In collaboration with a team led by co-author Meng Meng Fu, PhD, at the National Institute of Neurological Disorders and Stroke, the researchers verified that the observed corpus callosum abnormalities did not involve changes in myelination and in the number and maturation of oligodendrocytes, a non-neuronal brain cell type implicated in similar pathologies.

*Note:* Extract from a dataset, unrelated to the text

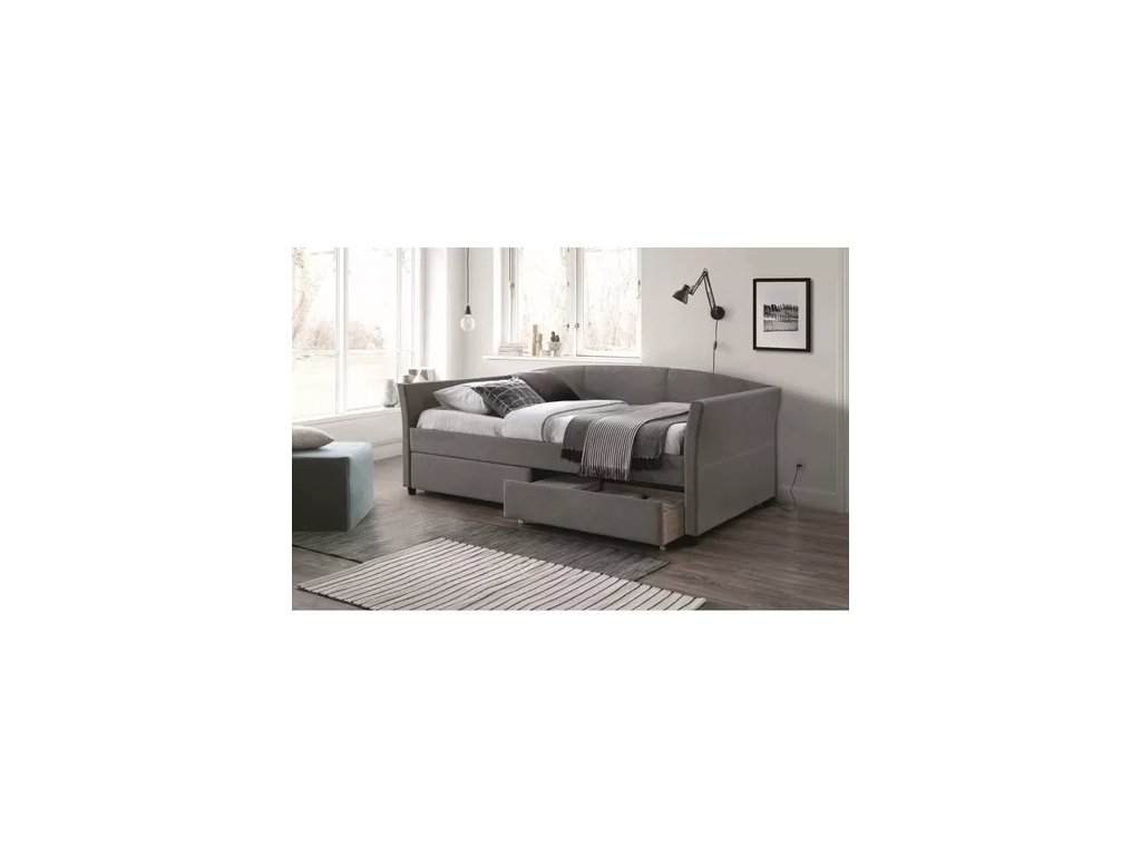Postel se dvěma zásuvkami, látka, barva: šedá, čalounění 54. Dřevěný lamelový rošt součástí dodávky. Rozměr matrace: 90x200cm (cena bez matrace).

Cues outside of cells modulate these processes to trigger changes in neurons through attractive and repulsive effects. Lorenzo’s research team showed that cortical neurons require the giant ankyrin-B isoform to make possible the repulsive effects of semaphorin 3A, a molecule that interacts with and collapses the tips of axons and their branches. The team also showed that ANK2 variants exclusively affecting giant ankyrin-B have similar loss of response to the Semaphorin 3A molecule, revealing a possible mechanistic contribution to ASD. “ASD-linked ANK2 variants failed to rescue Sema 3A-induced GC collapse,” they wrote. “The present study sheds new light into the isoform-specific functions of AnkB in modulating axonal architecture, targeting, and refinement in the developing brain and the potential contribution of AnkB deficits to ASD pathology …We propose that impaired response to repellent cues due to AnkB440 deficits leads to axonal targeting and branch pruning defects and may contribute to the pathogenicity of ANK2 variants.”
“Our bottom-up approach of discovery and functional validation contributes to the underdeveloped knowledge database of ASD functional etiology,” Lorenzo added. “This is critical because this heterogeneous and complex disorder likely requires personalized strategies for clinical intervention.”